◆ **INPUT DATA**:
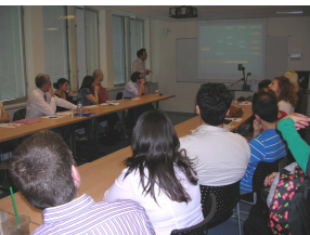
PhD Student Presentations

In the final programme we had to schedule 28 panels over the two days, to accommodate over 110 presentations by PhD students, who were speaking on topics relevant to their current doctoral research or recently completed PhDs. The participating students came from the UK, Greece, the rest of Europe, North America, and Australia. We were equally lucky to be able to draw on the high quality pool of Greek academics employed in UK universities to chair the panels and act as discussants on the papers of the student presenters. Indeed, this is one of the main ambitions of the PhD Symposium; to allow doctoral students to discuss their research questions and thesis design with established academics from different institutions who may have some expertise in their area of interest. In this way we hope to provide a forum for PhD students working in an area which may not be in the mainstream of the research community of their home institution to be exposed to debate and dialogue with established figures from other institutions and to use them as a sounding board for issues pertaining to their research.
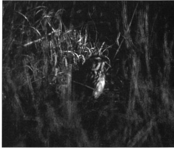
Now considered rare in New Mexico, and seldom well documented there, this Baird's Sparrow was near Cloverdale in the Animas Valley on November 29, 1997.
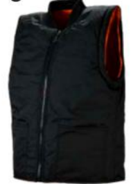
Reversed Inner w/o Sleeves
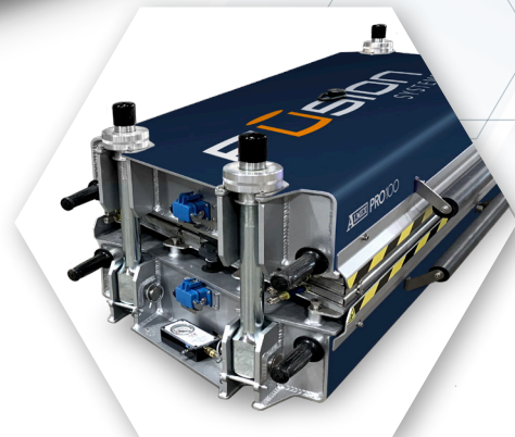
(▲ PRO100 Series shown with custom wrap applied)
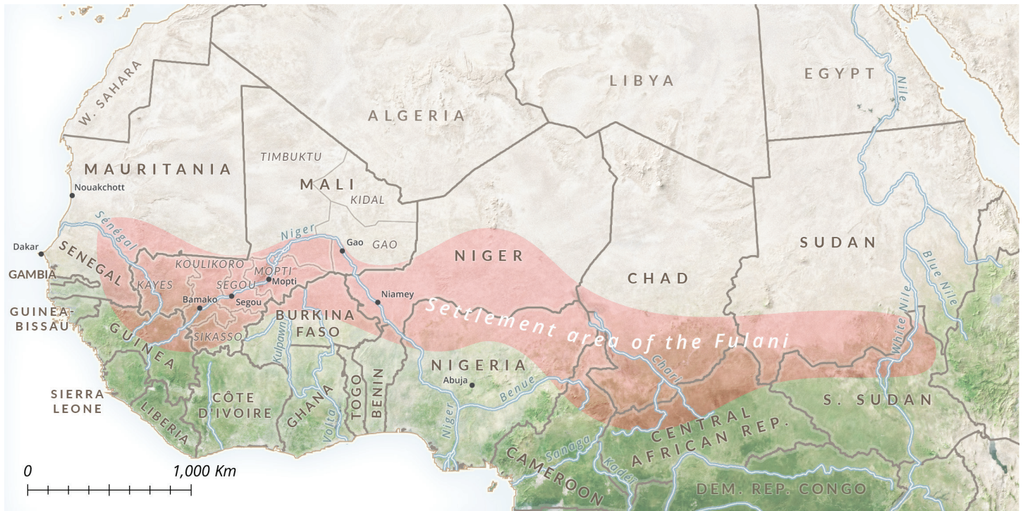
Sahel Region

lani, in turn, accuse their host communities of cattle rustling (theft) and therefore regard punitive violence against these communities as just and appropriate. The Fulani herders complain that they are otherwise faced with the choice of returning to lands that cannot sustain them or abandoning their lifestyle by selling their cattle and moving to the cities. 4
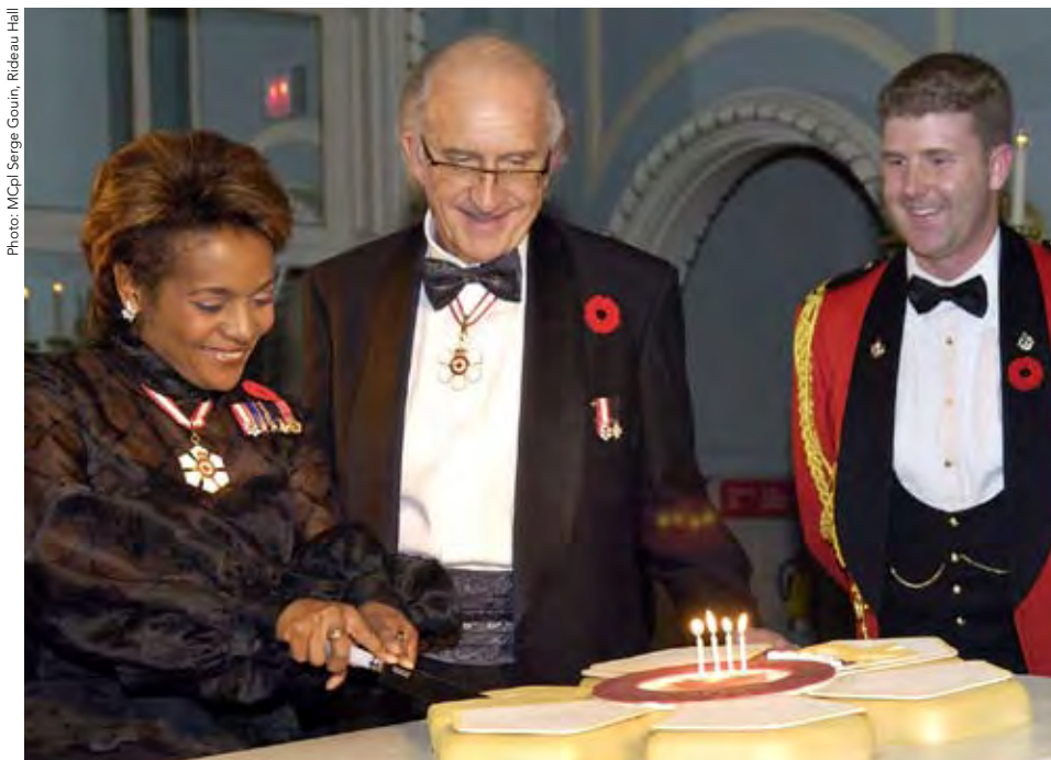
An edible work of art: Their Excellencies cut the anniversary cake at the dinner following the 100 th investiture of the Order of Canada on October 26, 2007. To highlight this important anniversary, a special menu was served to the recipients, inspired by the meal served at the 1967 Order of Canada dinner.

Her Excellency the Right Honourable Michaëlle Jean, C.C., C.M.M., C.O.M., C.D. Governor General of Canada
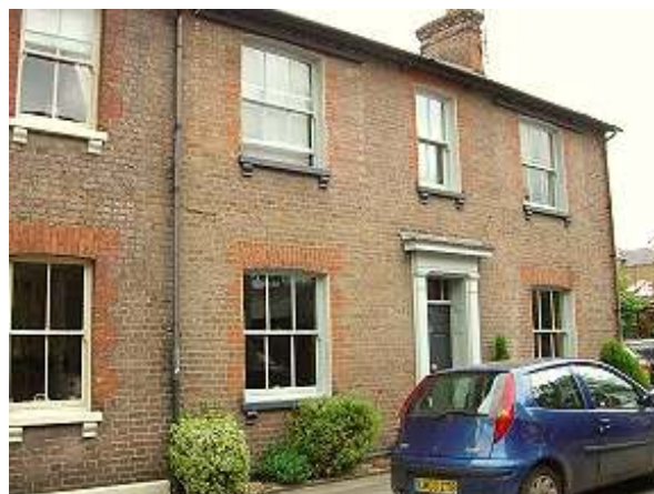
15 Manor Street

Manor Street has significant interventions on both sides of the street but the character of the locally listed
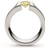
Niessing tension ring* Everest: platinum, Fancy Yellow diamond.
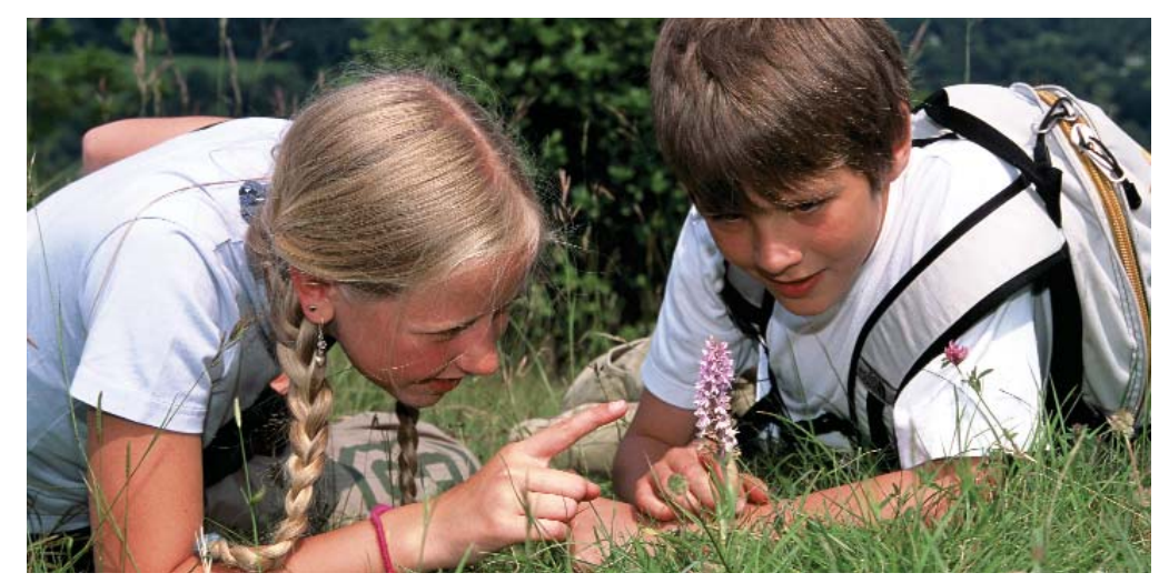
Identifying an orchid at Elliot Nature Reserve, near Stroud.
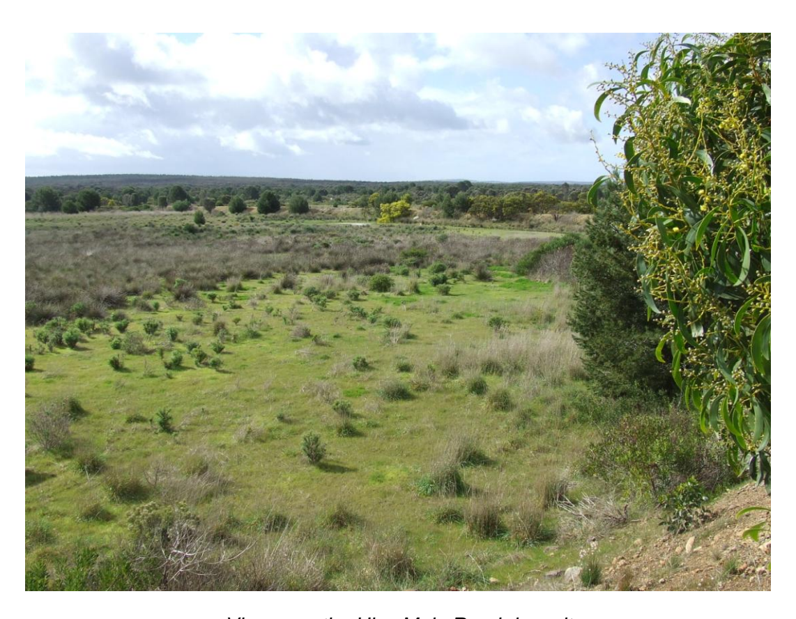
View over the Uley Main Road deposit

At this stage no decision has been made regarding the infill drilling recommended by Coffey Mining. At present there are a number of international companies that have signed confidentiality agreements in order to review the available data on the Project. We are confident a partner will be found for the Project in the not too distant future. The goal is to mine our world class deposit and get it back into production as soon as feasibily possible.
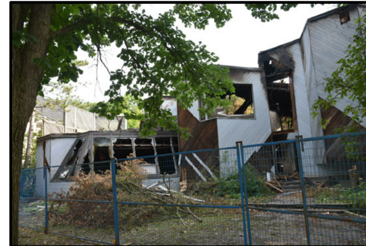
SUBJECT DWELLING - POST LOSS CONDITION SITE PHOTOGRAPH OBTAINED BY ROAR ENGINEER DATED JULY 8, 2024
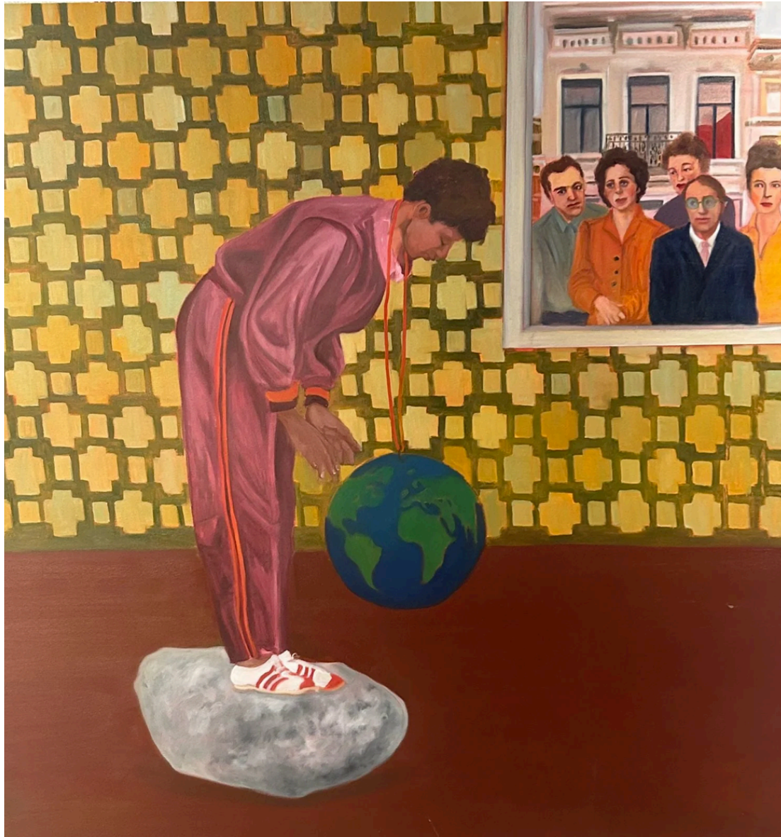
Amina Rezki, Untitled, 2024, Mixed media on canvas, 150 x 150 cm

◆ **TASK PROMPT**: Beginning with the line that contains "An edible work", write out the lines of the material above exactly, and end with the line that contains "View over the Uley Main Road deposit". Omit the pictures.

◆ **RESULT OF THIS EXERCISE**:
An edible work of art: Their Excellencies cut the anniversary cake at the dinner following the 100 th investiture of the Order of Canada on October 26, 2007. To highlight this important anniversary, a special menu was served to the recipients, inspired by the meal served at the 1967 Order of Canada dinner.

Her Excellency the Right Honourable Michaëlle Jean, C.C., C.M.M., C.O.M., C.D. Governor General of Canada
15 Manor Street

Manor Street has significant interventions on both sides of the street but the character of the locally listed
Niessing tension ring* Everest: platinum, Fancy Yellow diamond.
Identifying an orchid at Elliot Nature Reserve, near Stroud.
View over the Uley Main Road deposit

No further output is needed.